WORK TO BE COMPLETED: Each record below must come back exactly as written; its pictures must not.

EXTRACTED MATERIAL:
☆ ☆ ☆ ☆ ☆

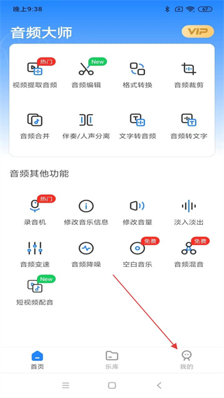1、打開音頻大師APP,在首頁內(nèi)點擊右下角我的圖標。
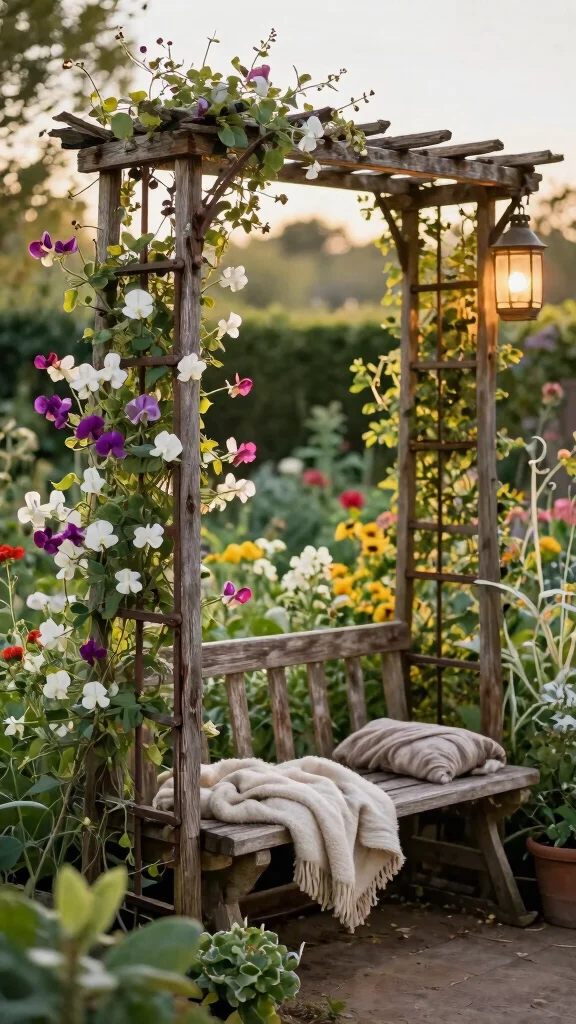 To achieve this inviting look, start by selecting reclaimed wood for authenticity. Build a sturdy A-frame or a vertical grid to support those vibrant sweet peas. Think about adding hooks for herbs or small pots, and don’t forget stringing fairy lights for that magical evening glow.
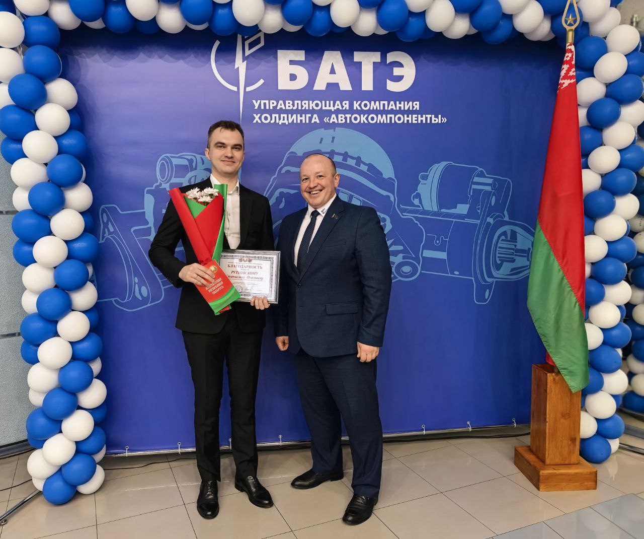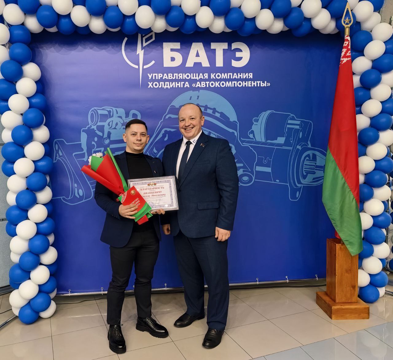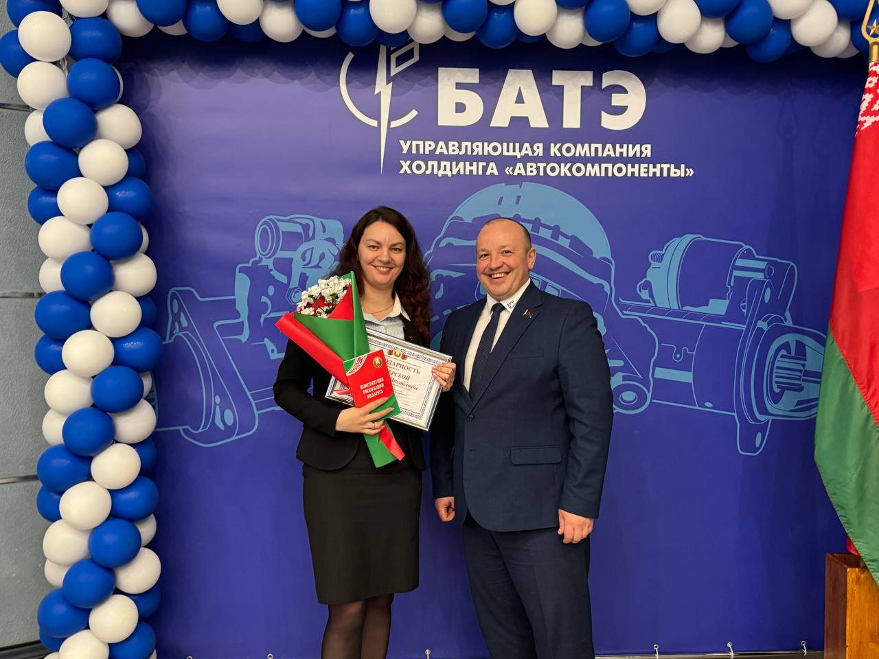 В мероприятии принял участие генеральный директор ОАО «БАТЭ» – управляющая компания холдинга «Автокомпоненты» Александр Марченко. Он обратился к собравшимся с тёплыми словами поздравления. Александр Анатольевич подчеркнул значимость Конституции как основы стабильности и процветания нашей страны, а также выразил уверенность в том, что работники нашего предприятия, как более старшее поколение, так и молодежь, воспитанные на принципах уважения к закону и патриотизму, будут достойно продолжать славные традиции Беларуси.
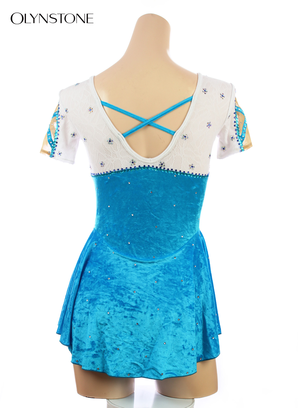 ターコイズのクラッシュドベルベットと白ベルベットをベースに、二色のクリアクリスタルとスパンコールを装飾した美しいフィギュアスケート衣装です。パンツ部分は白ベルベットです。アクセントとして、両袖と胸元に白メッシュをあしらいました。色付きクリスタルの追加をご希望の方は「オーロラ/ABタイプ」をご指定の上、色付きの旨、及び色を備考欄にご記入ください。
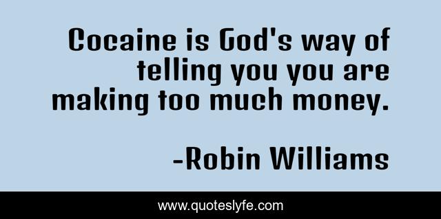 This page presents the quote "Cocaine is God's way of telling you you are making too much money.". Author of this quote is Robin Williams. This quote is about drugs, humor,.
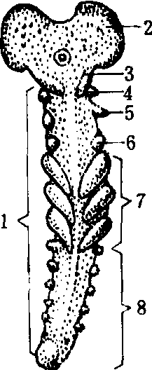 (仿Snodgrass) 有翅亚纲成虫除外生殖器及尾须外,一般无附肢,但在幼虫期有行动用的附肢,如蜉蝣目、广翅目、脉翅目、鞘翅目、鳞翅目、长翅目、膜翅目等的幼虫。鳞翅目幼虫通常有5对腹足,着生在第三至六和第十腹节上,第十腹节的腹足又称臀足。腹足筒状,末端有能伸缩的泡,称跗掌或趾。跗掌末端有成排的趾钩,它的数目和排列形状是幼虫分类常用的特征。 附肢appedixes附属于动物躯干部成对的器官。具有运动、呼吸、捕食、咀嚼、感觉等功能。如脊椎动物(除圆口纲外)具附肢两对,鱼类为胸鳍、腹鳍;两栖类、爬行类、鸟类、哺乳类为前肢、后肢。无脊椎动物常有附肢多对,如多毛类的疣足;节肢动物附肢的形态、功能多样化,常特化成口器、触角、胸足、腹足等。 |
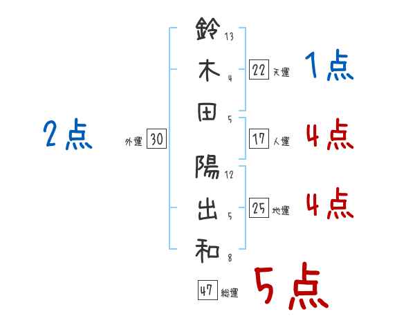 総運![]() | 鈴木田陽出和さんの総運は47画の5つ星!実力が開花し発展する円満な人生。財に恵まれる。 あなたの人生を表す1番重要な運勢です。生涯を通じて影響する総合運となり、主に50歳以降の晩年期に影響を及ぼします。 |
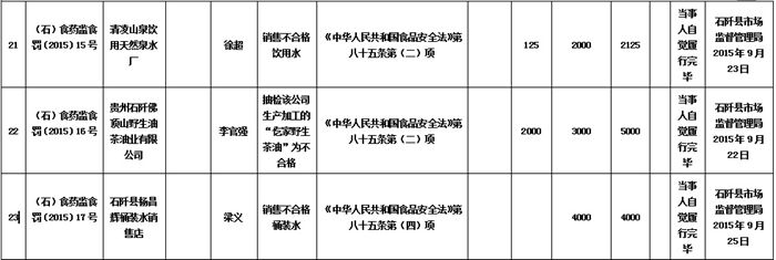 思南县市场监督管理局食品药品行政处罚案件信息公开2015...
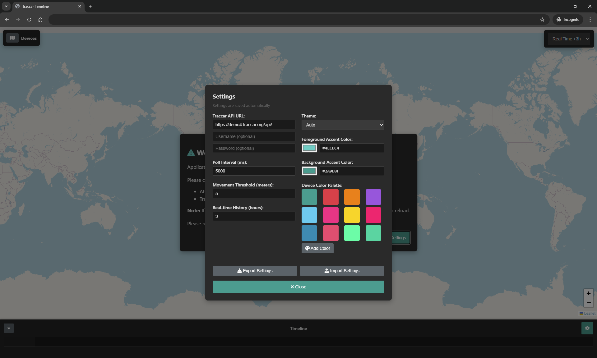 Note: On first run a popup will show complaining about the Traccar API url. Head into settings and enter the URL to your traccar API. Ensure you complete with the trailing slash.
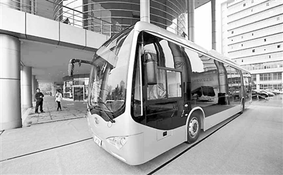 10月11日,一辆比亚迪K9纯电动大客车停在科交会现场。
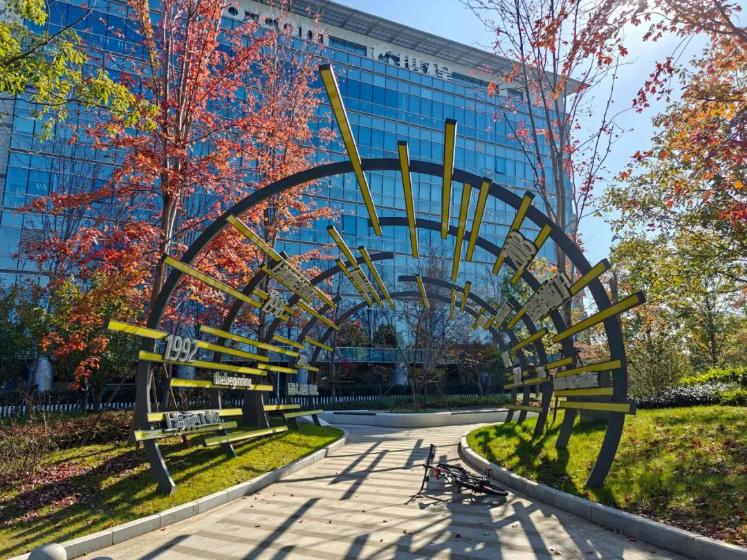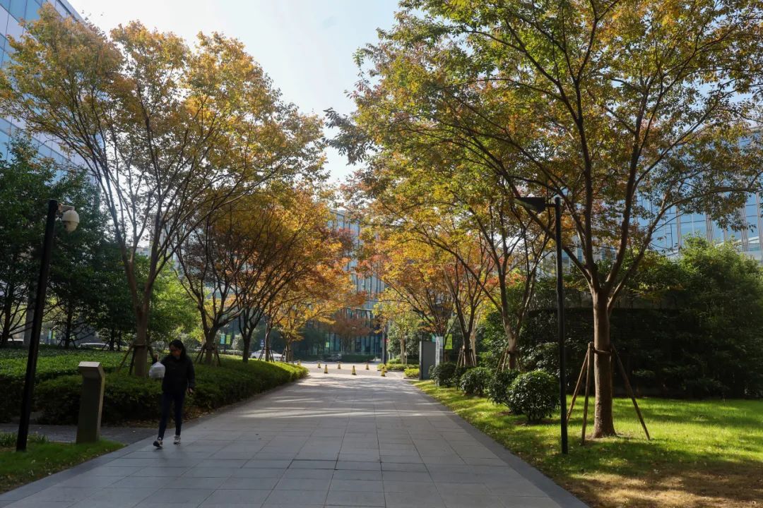 IBP国际商务花园二期有一条秋季限定的“时空隧道”。道路两侧种植着成排的高大榉树,它们在秋天变成橙红色——不仅色彩浓郁,有油画一般的美,而且色调温暖,让人犹如沐浴在暖阳之中。工作日的时候, 还会有小猫咪蹲在路中央等待投喂。
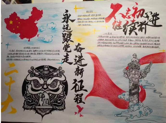 进行了以“走进新时代,青春再出发”为主题的团日活动并以此为主题进行了作品征集活动。同学们积极参与活动,展现了新时代中国青年风貌,涌现了如下许多优秀的活动作品:
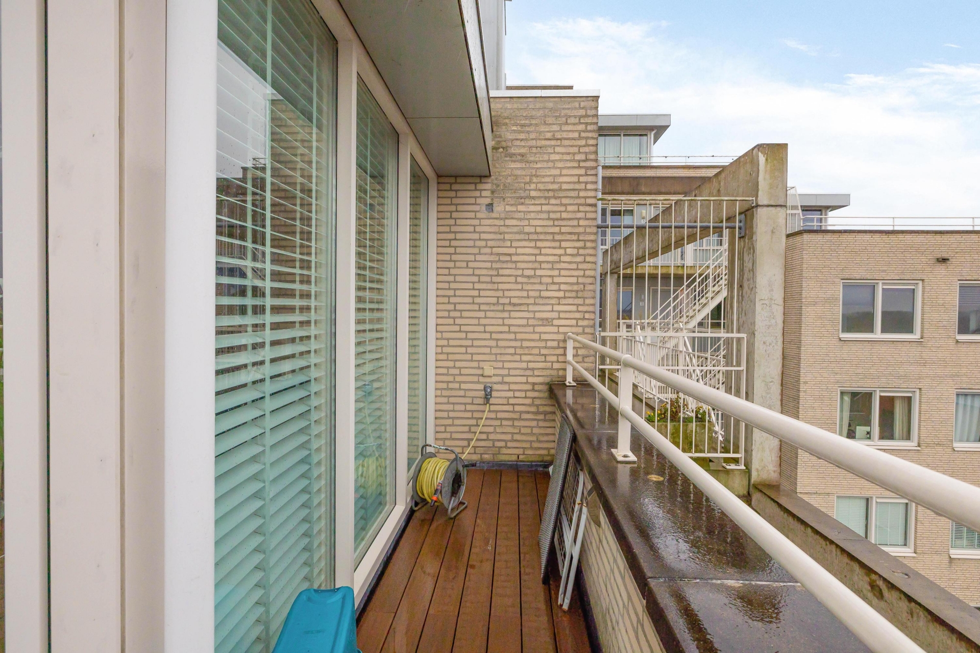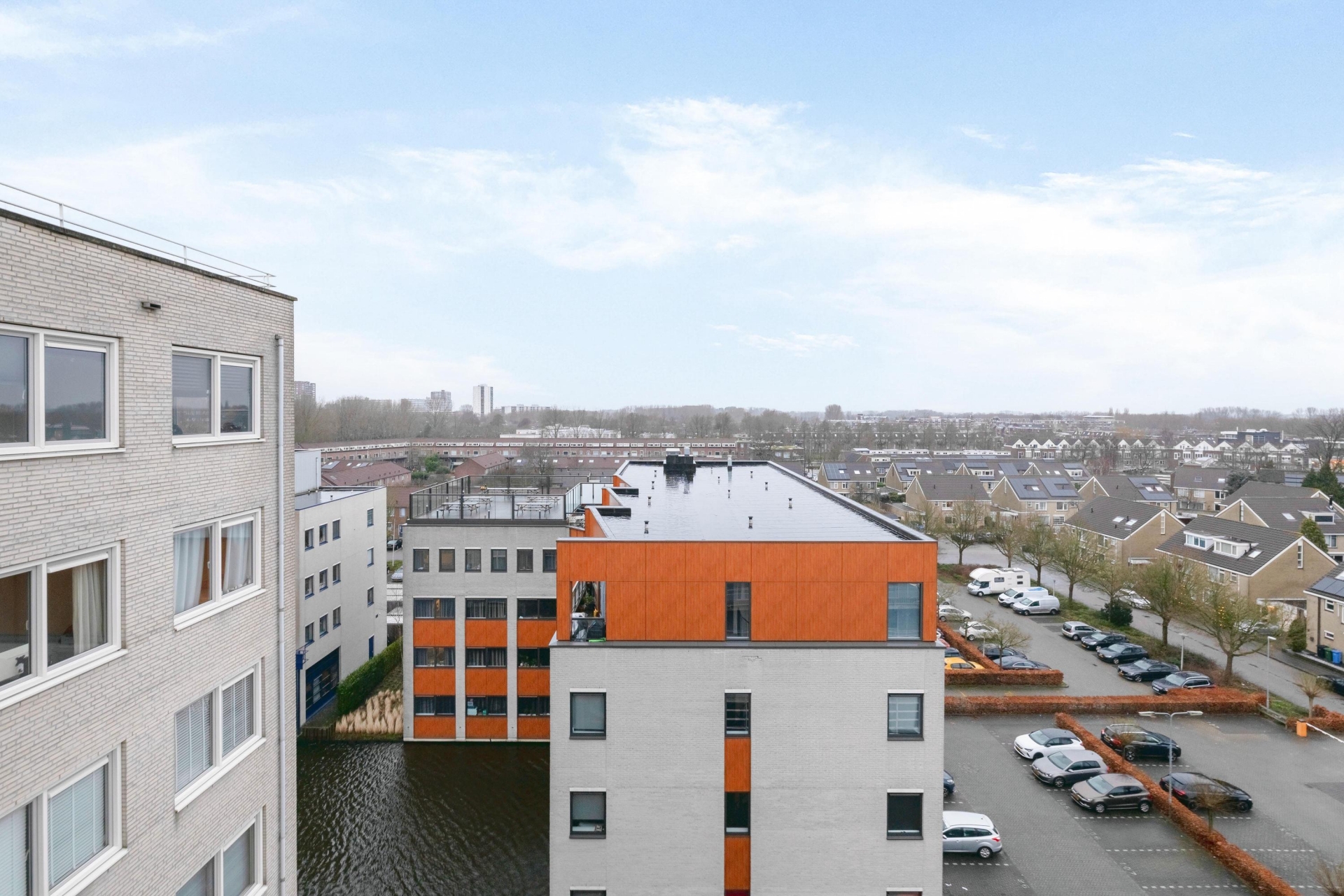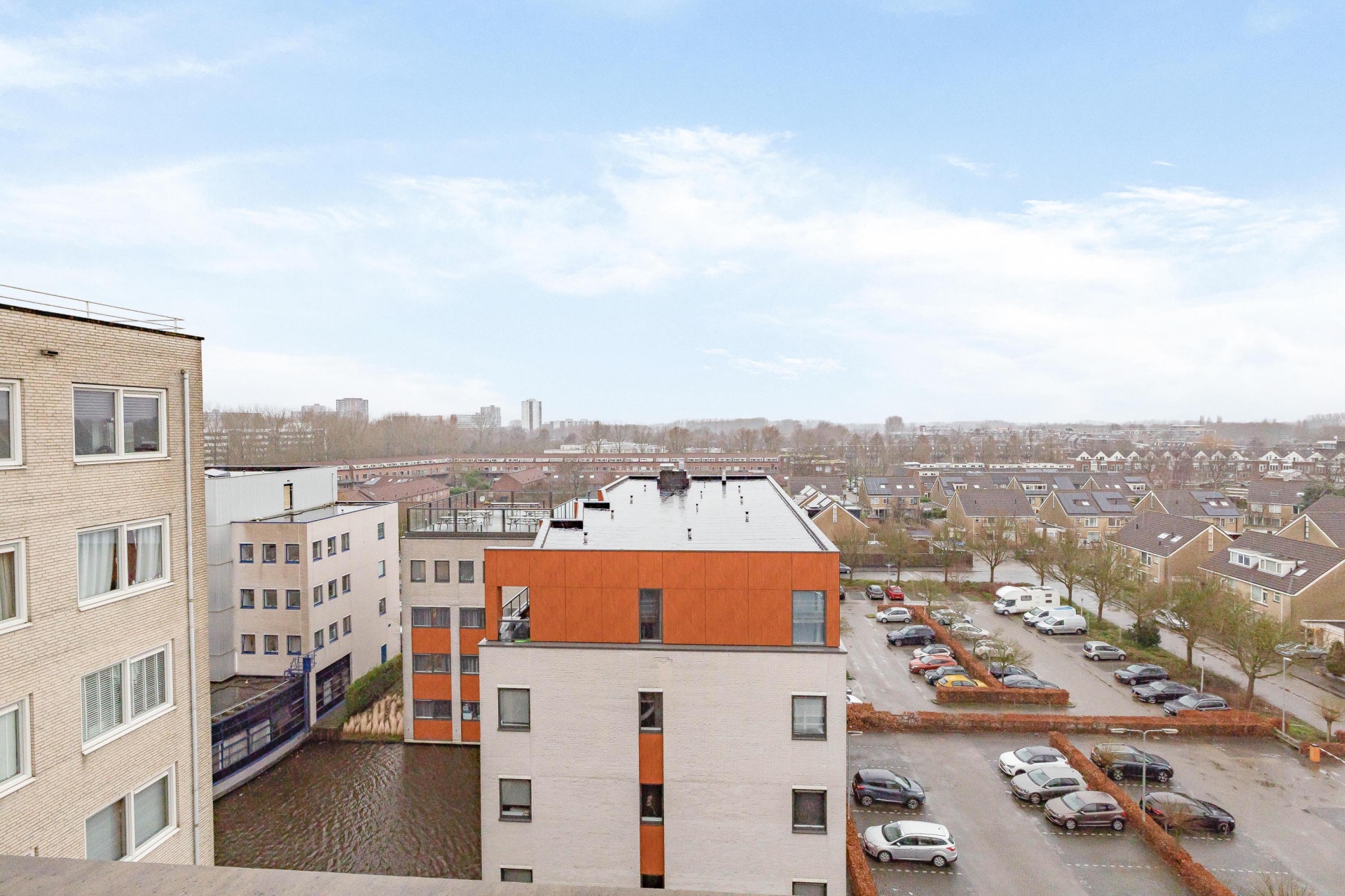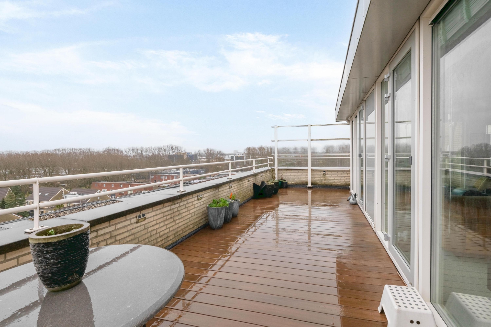 Het terras maakt het plaatje compleet. Gegarandeerd dat je hier gaat genieten van het geweldige panoramische uitzicht vanaf de 7e verdieping. Het terras heeft een oppervlakte van 38 m².  Hierdoor biedt het tal van mogelijkheden om in de zon of schaduw te zitten. Het hele terras beschikt over houten vlonderplanken en verder is er ook nog een buitenkraan aanwezig. Het complex heeft verder een rustige locatie in de kindvriendelijke woonwijk Zevenkamp. Het is gelegen aan een waterpartij en biedt voldoende privacy.
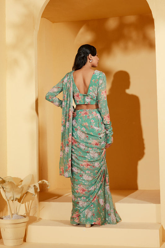 GREEN PRE DRAPE FLORAL SAREE
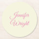 Handwriting Name Classical Plain Beige Pink Round Paper Coaster

☆ ☆ ☆ ☆ ☆

YOUR SOLUTION:
1、打開音頻大師APP,在首頁內(nèi)點擊右下角我的圖標。
 To achieve this inviting look, start by selecting reclaimed wood for authenticity. Build a sturdy A-frame or a vertical grid to support those vibrant sweet peas. Think about adding hooks for herbs or small pots, and don’t forget stringing fairy lights for that magical evening glow.
 В мероприятии принял участие генеральный директор ОАО «БАТЭ» – управляющая компания холдинга «Автокомпоненты» Александр Марченко. Он обратился к собравшимся с тёплыми словами поздравления. Александр Анатольевич подчеркнул значимость Конституции как основы стабильности и процветания нашей страны, а также выразил уверенность в том, что работники нашего предприятия, как более старшее поколение, так и молодежь, воспитанные на принципах уважения к закону и патриотизму, будут достойно продолжать славные традиции Беларуси.
 ターコイズのクラッシュドベルベットと白ベルベットをベースに、二色のクリアクリスタルとスパンコールを装飾した美しいフィギュアスケート衣装です。パンツ部分は白ベルベットです。アクセントとして、両袖と胸元に白メッシュをあしらいました。色付きクリスタルの追加をご希望の方は「オーロラ/ABタイプ」をご指定の上、色付きの旨、及び色を備考欄にご記入ください。
 This page presents the quote "Cocaine is God's way of telling you you are making too much money.". Author of this quote is Robin Williams. This quote is about drugs, humor,.
 (仿Snodgrass) 有翅亚纲成虫除外生殖器及尾须外,一般无附肢,但在幼虫期有行动用的附肢,如蜉蝣目、广翅目、脉翅目、鞘翅目、鳞翅目、长翅目、膜翅目等的幼虫。鳞翅目幼虫通常有5对腹足,着生在第三至六和第十腹节上,第十腹节的腹足又称臀足。腹足筒状,末端有能伸缩的泡,称跗掌或趾。跗掌末端有成排的趾钩,它的数目和排列形状是幼虫分类常用的特征。 附肢appedixes附属于动物躯干部成对的器官。具有运动、呼吸、捕食、咀嚼、感觉等功能。如脊椎动物(除圆口纲外)具附肢两对,鱼类为胸鳍、腹鳍;两栖类、爬行类、鸟类、哺乳类为前肢、后肢。无脊椎动物常有附肢多对,如多毛类的疣足;节肢动物附肢的形态、功能多样化,常特化成口器、触角、胸足、腹足等。 |
 総運![]() | 鈴木田陽出和さんの総運は47画の5つ星!実力が開花し発展する円満な人生。財に恵まれる。 あなたの人生を表す1番重要な運勢です。生涯を通じて影響する総合運となり、主に50歳以降の晩年期に影響を及ぼします。 |
 思南县市场监督管理局食品药品行政处罚案件信息公开2015...
 Note: On first run a popup will show complaining about the Traccar API url. Head into settings and enter the URL to your traccar API. Ensure you complete with the trailing slash.
 10月11日,一辆比亚迪K9纯电动大客车停在科交会现场。
 IBP国际商务花园二期有一条秋季限定的“时空隧道”。道路两侧种植着成排的高大榉树,它们在秋天变成橙红色——不仅色彩浓郁,有油画一般的美,而且色调温暖,让人犹如沐浴在暖阳之中。工作日的时候, 还会有小猫咪蹲在路中央等待投喂。
 进行了以“走进新时代,青春再出发”为主题的团日活动并以此为主题进行了作品征集活动。同学们积极参与活动,展现了新时代中国青年风貌,涌现了如下许多优秀的活动作品:
 Het terras maakt het plaatje compleet. Gegarandeerd dat je hier gaat genieten van het geweldige panoramische uitzicht vanaf de 7e verdieping. Het terras heeft een oppervlakte van 38 m².  Hierdoor biedt het tal van mogelijkheden om in de zon of schaduw te zitten. Het hele terras beschikt over houten vlonderplanken en verder is er ook nog een buitenkraan aanwezig. Het complex heeft verder een rustige locatie in de kindvriendelijke woonwijk Zevenkamp. Het is gelegen aan een waterpartij en biedt voldoende privacy.
 GREEN PRE DRAPE FLORAL SAREE
 Handwriting Name Classical Plain Beige Pink Round Paper Coaster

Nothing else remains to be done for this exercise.